▸ RECORDED INFORMATION:
..............................
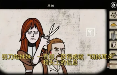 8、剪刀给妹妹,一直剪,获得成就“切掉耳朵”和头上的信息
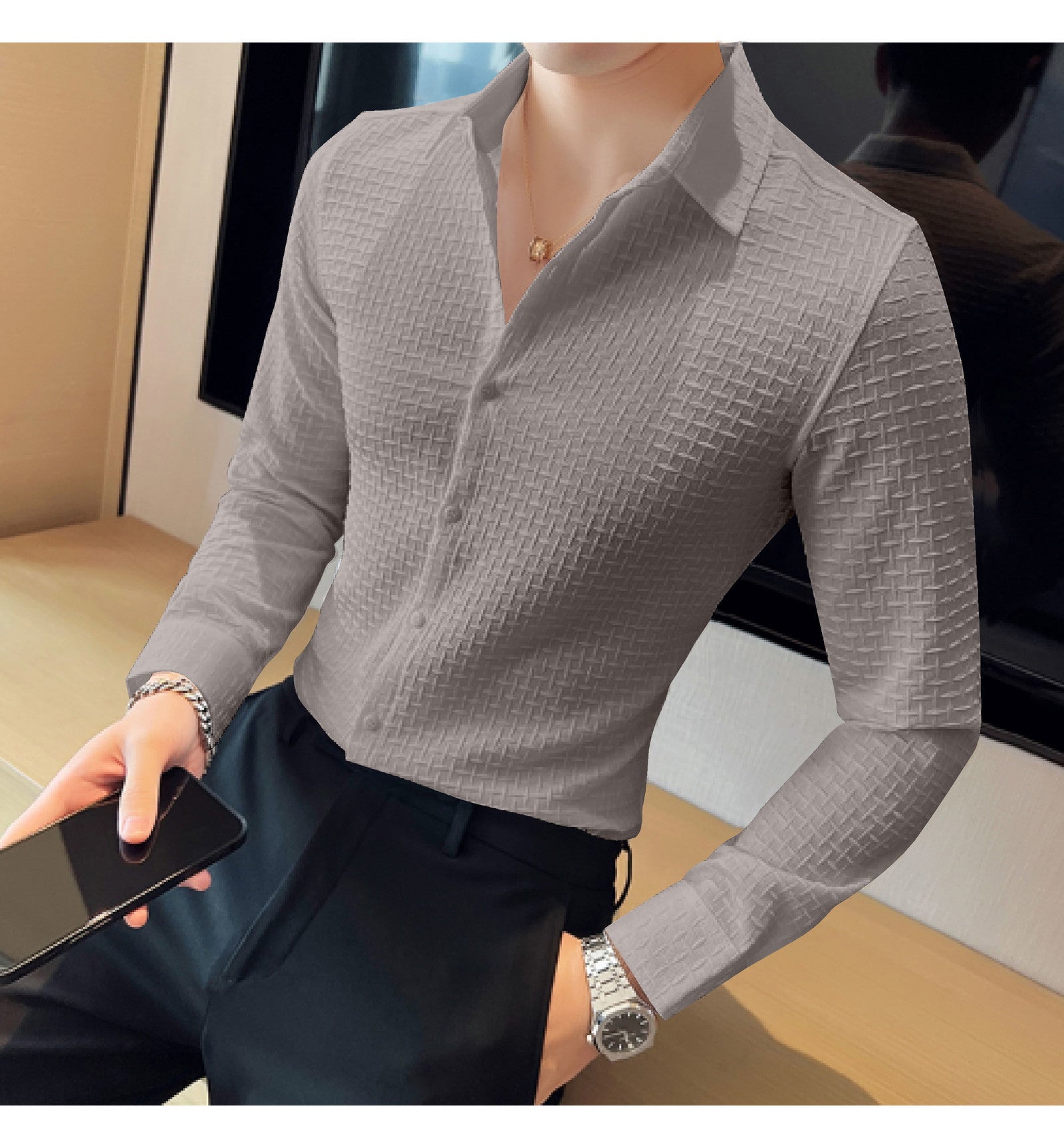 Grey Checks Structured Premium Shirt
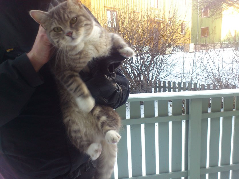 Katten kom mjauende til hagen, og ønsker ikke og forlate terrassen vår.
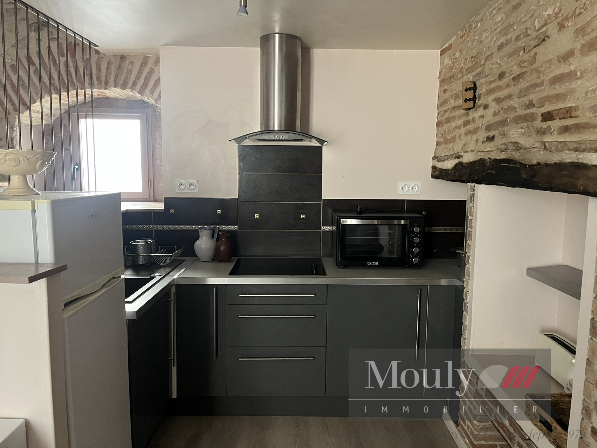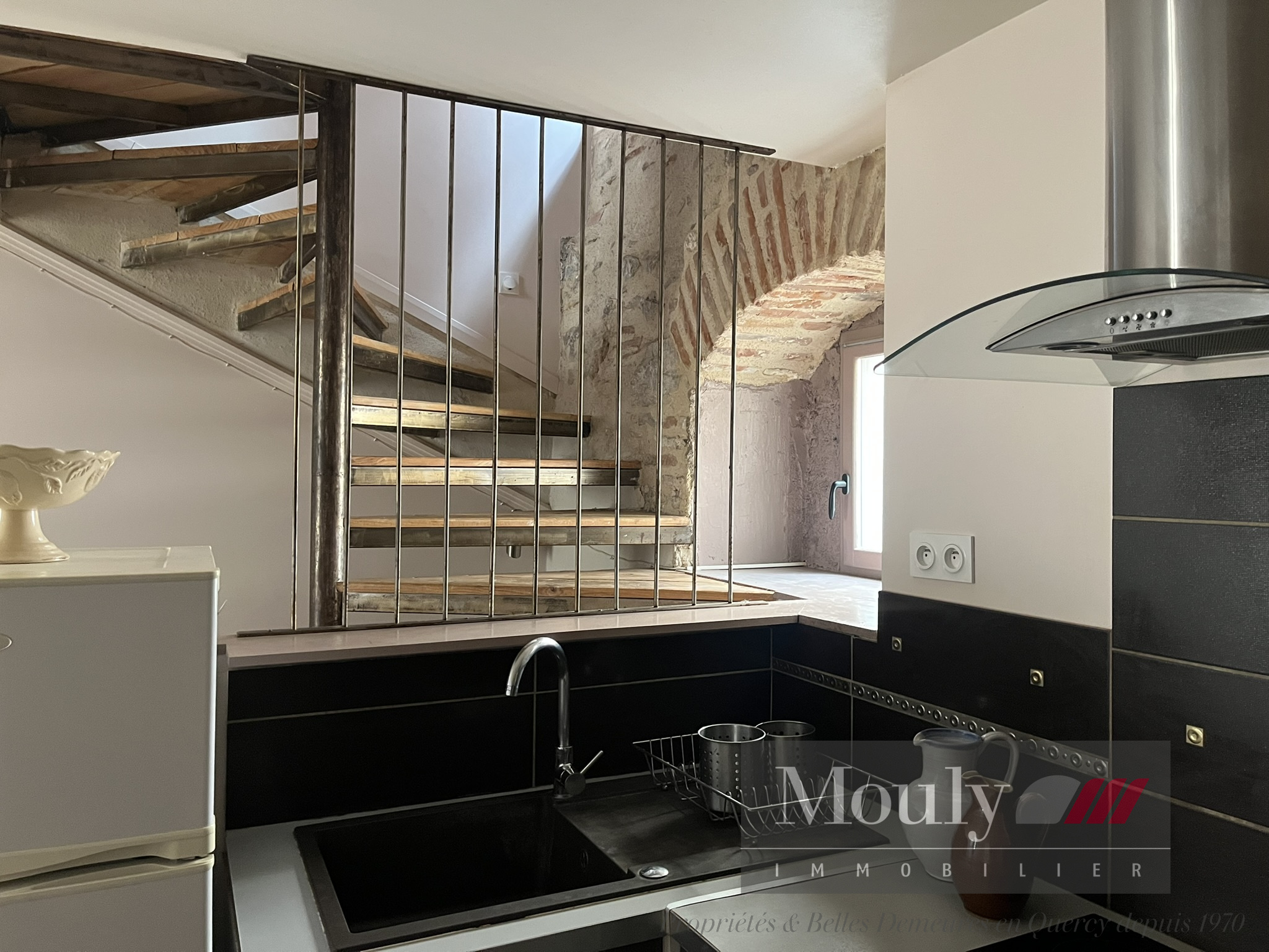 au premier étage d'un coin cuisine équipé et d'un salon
..............................
▸ EXERCISE PROMPT:
Please retype the lines from the one that contains "Grey Checks Structured Premium Shirt" through the final line of the data, both included, without any pictures.

▸ WRITTEN SOLUTION:
 Grey Checks Structured Premium Shirt
 Katten kom mjauende til hagen, og ønsker ikke og forlate terrassen vår.
 au premier étage d'un coin cuisine équipé et d'un salon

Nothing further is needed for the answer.